Seules les taxes, et notamment la TVA, sont différentes.
En faisant le rapport des prix du Big Mac dans deux pays, on mesure leur parité de pouvoir dʹachat, ce qui peut ensuite, en la comparant au taux de change, permettre de mesurer la surévaluation ou la sous‐évaluation d’une monnaie.
Mais surtout en exprimant le prix du Big Mac dans la même monnaie (généralement le dollar), on peut comparer des niveaux de prix moyens.
Le graphique n°39 établit la hiérarchie internationale, selon lʹindice Big Mac, en mai 2006 (on considère les vingt premiers pays).

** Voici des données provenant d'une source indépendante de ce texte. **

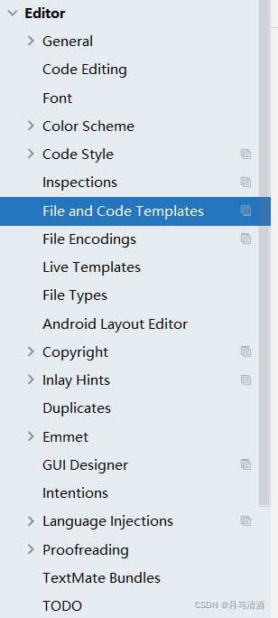 3.找到Editor下的File and Code Templates并打开

Graphique n° 39 : Lʹindice Big Mac en 2007
Source : CEROM, 2008, p. 59.
On constate donc que seuls quatre pays sont plus « chers » que la Nouvelle‐
Calédonie.
Si on compare la Nouvelle‐Calédonie à la Métropole selon cet indicateur, on constate que la Nouvelle‐Calédonie est plus chère de 25 %73.
73 LʹISEE a récemment publié un comparatif des prix de plusieurs produits entre la Nouvelle‐Calédonie
et la Métropole (ISEE, 2006, p. 159). On apprend notamment que le café est 2,9 fois plus cher en Nouvelle‐Calédonie, le camembert 2,7 fois, les yaourts nature sont 4,3 fois plus chers, les champignons de Paris 3,8 fois, les poireaux 4,1 fois, les eaux minérales 2,4 fois, etc.
Pourtant cette différence est forcément sous‐estimée, pour les raisons suivantes :
• il nʹy a pas de TVA en Nouvelle‐Calédonie, contrairement aux pays dʹEurope ;
• les salaires, et surtout les bas salaires, sont plus faibles en Nouvelle‐Calédonie ; or, comme ils entrent dans la fabrication du produit, ils en diminuent le coût relatif ;
• la plupart des produits consommés en Nouvelle‐Calédonie sont importés : ces produits ne voient donc pas leur coût relatif diminuer par le travail incorporé (comme pour le Big Mac), mais au contraire augmenter par les diverses taxes douanières.
Si on compare le niveau du prix du Big Mac dans la zone du Pacifique Sud, on constate que le prix en Nouvelle‐Calédonie est 70 % plus élevé quʹen Nouvelle‐
Zélande et 91 % plus élevé quʹen Australie (chiffres 2006, dans Descombels, 2007). Il y a donc peu dʹexplications à rechercher selon un critère géographique ou dʹéloignement.
Ce critère ne peut pas non plus être couplé à celui de niveau de développement pour expliquer la cherté calédonienne, puisque le Big Mac calédonien est 74 % plus cher quʹà Fidji.
L’étude Syndex (2009) offre des explications intéressantes au coût de la vie en Nouvelle‐Calédonie.
L’étude compare notamment les marges par secteur entre la Nouvelle‐Calédonie et la Métropole, de 1998 à 2006.
Dans l’industrie agroalimentaire, le taux de profitabilité d’exploitation (EBE/production) passe, environ, de 37 % à 32 % en Métropole et de 51 % à 59 % en Nouvelle‐Calédonie.
Dans le secteur du textile, le taux de profitabilité en Métropole est inférieur à 30 % et atteint 50 % en Nouvelle‐Calédonie.
Dans le secteur de la construction, le taux de profitabilité en Métropole oscille entre 5 % et 9 % et se situe au‐dessus de 20 % en Nouvelle‐Calédonie.
Il existe d’autres explications à la cherté de vie en Nouvelle‐Calédonie (notamment le protectionnisme), mais, depuis l’étude Syndex, il est avéré que le niveau (global) des marges des entreprises en Nouvelle‐Calédonie est une véritable anomalie économique.
On peut donc résumer la première analyse du niveau de vie calédonien en disant que les prix sont plus élevés quʹailleurs et que les revenus dans le secteur privé sont inférieurs (et particulièrement pour les minima).